Records supplied Start Marker

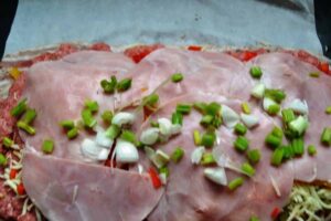 Die Lauchzwiebeln würfeln und auf dem Schinken verteilen.
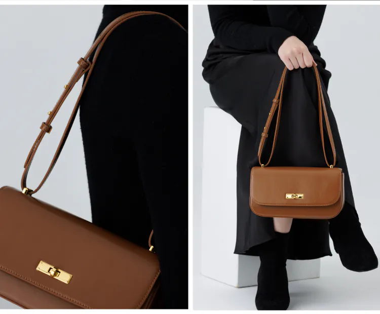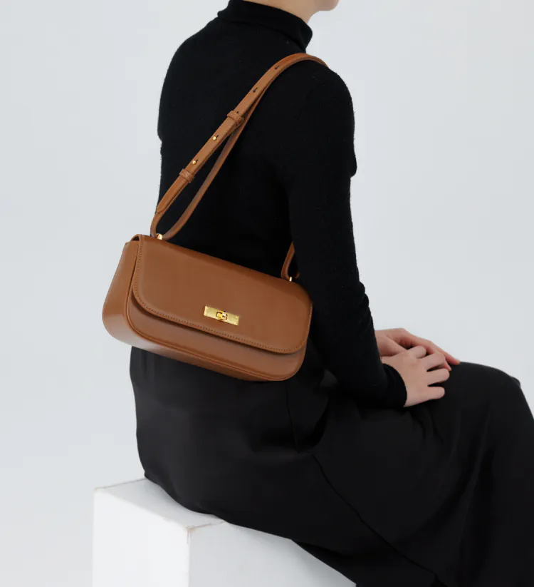 ● 法式腋下包點綴金屬轉釦,經典簡約好搭配
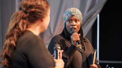 Ein Team aus jungen Modedesigner:innen hat in den letzten Wochen ein tolles Upcycling-Projekt realisiert: aus vormaligen Messematerialien wie Fahnen, verschiedenen Messebannern und Teppich left overs der MFS haben sie einzigartige Taschen genäht.
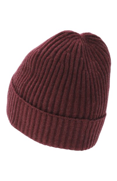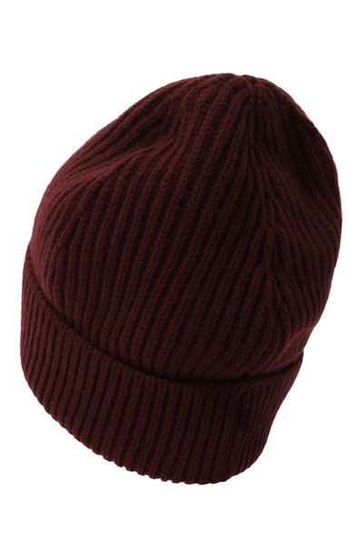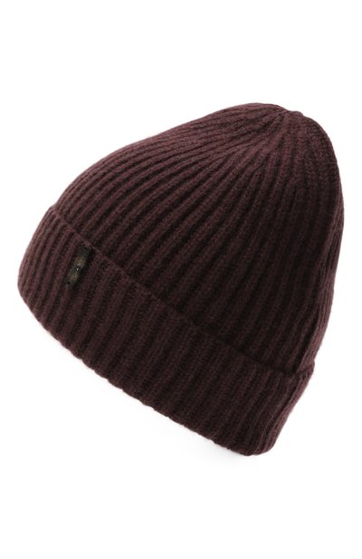 Для изготовления шапки бини использовали гладкий трикотаж из кашемира и шелка. Широкий отворот аксессуара украсили жаккардовыми полосками и логотипом.
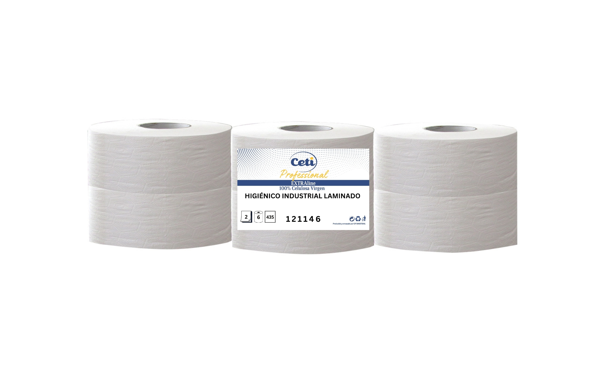 Papel higiénico industrial laminado fabricado a partir de celulosa virgen 100%, de 2 hojas y 130 metros de longitud, servido en packs de 6 y 18 rollos. Indicado para la higiene personal, ideal para utilizar en servicios de afluencia media-alta.

Records supplied End Marker

» What the exercise asks: Leave the pictures out and reproduce exactly the lines from the line with "Для изготовления шапки" to the end of the material above.

» Solved problem:
 Для изготовления шапки бини использовали гладкий трикотаж из кашемира и шелка. Широкий отворот аксессуара украсили жаккардовыми полосками и логотипом.
 Papel higiénico industrial laminado fabricado a partir de celulosa virgen 100%, de 2 hojas y 130 metros de longitud, servido en packs de 6 y 18 rollos. Indicado para la higiene personal, ideal para utilizar en servicios de afluencia media-alta.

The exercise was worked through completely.